Tebbel has spent more than 30 years studying cranes and for 11 of those years he was director of the Audubon Society’s Rowe Sanctuary on the South Platte River near Kearney, Neb. Each spring, the site is a bottleneck of migrating cranes, attracting up to 600,000 cranes heading for summer breeding grounds way to the north.

“Don’t be confused about the different sizes of the birds,” Tebbel cautioned his well-bundled listeners, whom he earlier termed “budding craniacs. “The bigger cranes are greater sandhill cranes and will summer in Colorado, Utah, Idaho, Wyoming and Montana.

“The smaller cranes are lesser sandhills and they actually fly farther, some as far as eastern Siberia, to breed and raise their young.”

Nearly two decades ago, researchers from the Colorado Division of Wildlife put identifying leg bands on sandhill cranes nesting near Steamboat Lake. Last year, a crane wearing one of those leg bands was reported at Bosque, but the sighting was never confirmed.

Still, the news that one of those birds had survived for almost 20 years was heartening to Robert Kruidenier, a long-time volunteer naturalist at Bosque and for years the refuge’s unofficial keeper of the cranes.

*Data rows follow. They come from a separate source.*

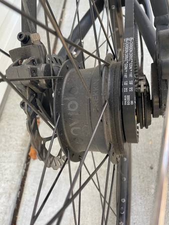 Great commuter bike! Low maintenance gates carbon belt drive, continuously variable internal hub transmission, dynamo front hub and dynamo front and rear lights (front light has a usb port to charge your devices), hydraulic disc brakes.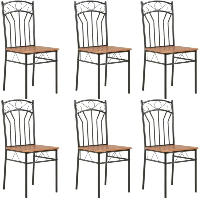 vidaXL Modern 6 pcs Dining Chairs Set with MDF and Steel Frame Farmhouse Style Ergonomic Indoor Furniture for Kitchen, Room or Office Brown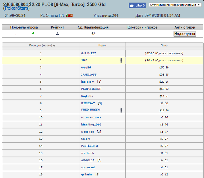После долгой дисперсии - появились приятные результаты пока в омахе, но тоже результаты... 3 раза брали в этой омахе топ5 в этот раз уже дошли до топ2)

“Cranes can live 20 to 40 years in captivity but it’s much less in the wild, for obvious reasons,” Kruidenier said. “It’s very rare to hear about a crane banded 20 years ago.”

One of those reasons is predators, and on that deck with Sorensen was wildlife videographer Mike Bennett of Crestone, busy gathering footage for a crane documentary for PBS.

“I watched two coyotes work that flock of mallards yesterday,” Bennett said, nodding at the mass of greenheads feeding right along with the cranes in the marshy meadow. “It was strictly luck, although I’ve seen coyotes here before. I don’t think they could take down a crane, though.”

Young cranes are full grown by the time they make the long flight to winter grounds at Bosque, big enough to make even bold coyotes shy away.

They are big, brash and loud, often dancing for no apparent reason other than it seems like a good idea, especially when you’ve reached a rich sanctuary and are surrounded by several thousand of your closest friends.